MATERIAL FOR THIS TASK:
--------------------
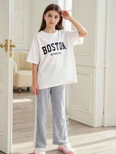SHEIN Tween Girl Knitted Solid Color Letter Graphic Loose Crew Neck T-Shirt And Contrast Color Loose Knit Pants 2-Piece Set - Light Grey - View 1
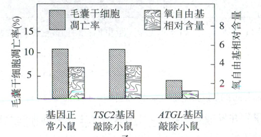 。(2)对基因正常小鼠、葡萄糖代谢相关的TSC2基因敲除小鼠和脂肪酸氧化相关的ATGL基因敲除小鼠进行间歇性禁食处理,检测毛囊干细胞凋亡率和线粒体氧自由基相对含量,结果如图乙。图中基因正常小鼠组起
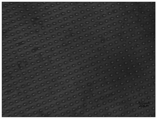 PDMS was prepared using a Sylgard 184 (Dow Corning Corp., Midland, MI, USA), and a curing agent was made in a ratio of 12:1 w/w. The mixture was placed in a desiccator and degassed for 20 min and then poured into a Petri dish and degassed in a vacuum heating furnace at 70 °C for 12 h. A scalpel was used to evenly cut around the pattern, and the PDMS was removed from the silicon mold. Figure 1 depicts the optical microscope image of PDMS.
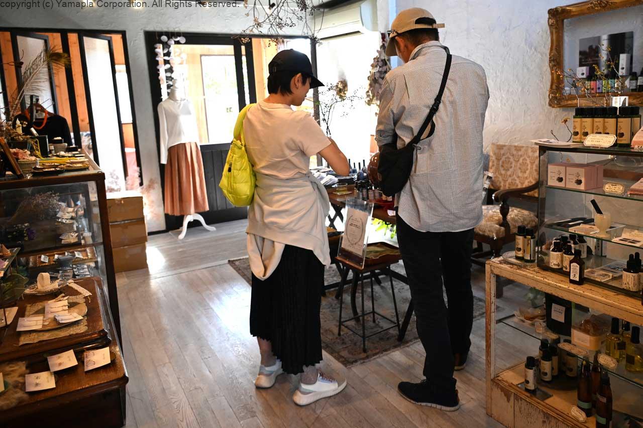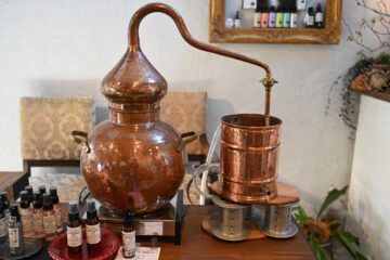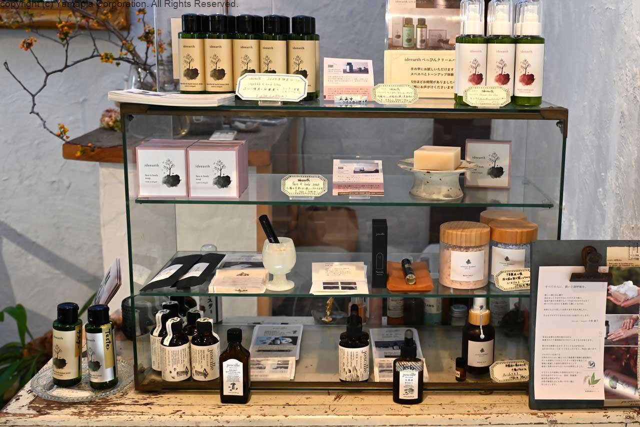 店の入口には銅製の立派な蒸留器が備えられ、オーガニックコスメに対する小林さんの情熱が伝わってくるようだ。蒸留水は市内の契約農家から運ばれた無農薬の野菜、ハーブと酒蔵の湧き水で精製後、石垣島の化粧品製造工場へ送られイデアノートオリジナルのローションが作られる。
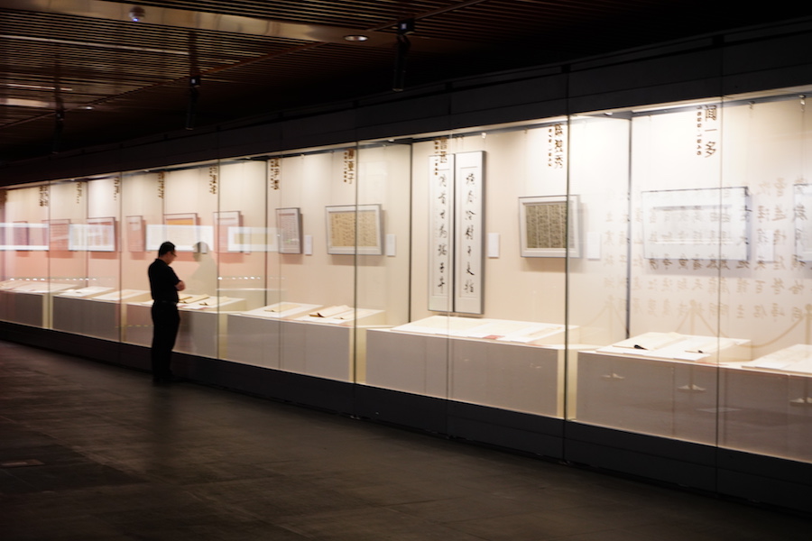 澎湃新聞?dòng)浾咴谡褂[的“光昭九域”篇看到,展廳布置素凈通透,展架上陳列的是名家手稿真跡或復(fù)制件,附有展牌介紹,墻上則懸掛著當(dāng)代書法家書寫的該名家的其他作品,以形成某種呼應(yīng)并體現(xiàn)出追慕先賢和新的藝術(shù)詮釋的意味。
--------------------
WHAT IS EXPECTED:
Write everything in the records out exactly, apart from the pictures.

EXPECTED ANSWER:
SHEIN Tween Girl Knitted Solid Color Letter Graphic Loose Crew Neck T-Shirt And Contrast Color Loose Knit Pants 2-Piece Set - Light Grey - View 1
 。(2)对基因正常小鼠、葡萄糖代谢相关的TSC2基因敲除小鼠和脂肪酸氧化相关的ATGL基因敲除小鼠进行间歇性禁食处理,检测毛囊干细胞凋亡率和线粒体氧自由基相对含量,结果如图乙。图中基因正常小鼠组起
 PDMS was prepared using a Sylgard 184 (Dow Corning Corp., Midland, MI, USA), and a curing agent was made in a ratio of 12:1 w/w. The mixture was placed in a desiccator and degassed for 20 min and then poured into a Petri dish and degassed in a vacuum heating furnace at 70 °C for 12 h. A scalpel was used to evenly cut around the pattern, and the PDMS was removed from the silicon mold. Figure 1 depicts the optical microscope image of PDMS.
 店の入口には銅製の立派な蒸留器が備えられ、オーガニックコスメに対する小林さんの情熱が伝わってくるようだ。蒸留水は市内の契約農家から運ばれた無農薬の野菜、ハーブと酒蔵の湧き水で精製後、石垣島の化粧品製造工場へ送られイデアノートオリジナルのローションが作られる。
 澎湃新聞?dòng)浾咴谡褂[的“光昭九域”篇看到,展廳布置素凈通透,展架上陳列的是名家手稿真跡或復(fù)制件,附有展牌介紹,墻上則懸掛著當(dāng)代書法家書寫的該名家的其他作品,以形成某種呼應(yīng)并體現(xiàn)出追慕先賢和新的藝術(shù)詮釋的意味。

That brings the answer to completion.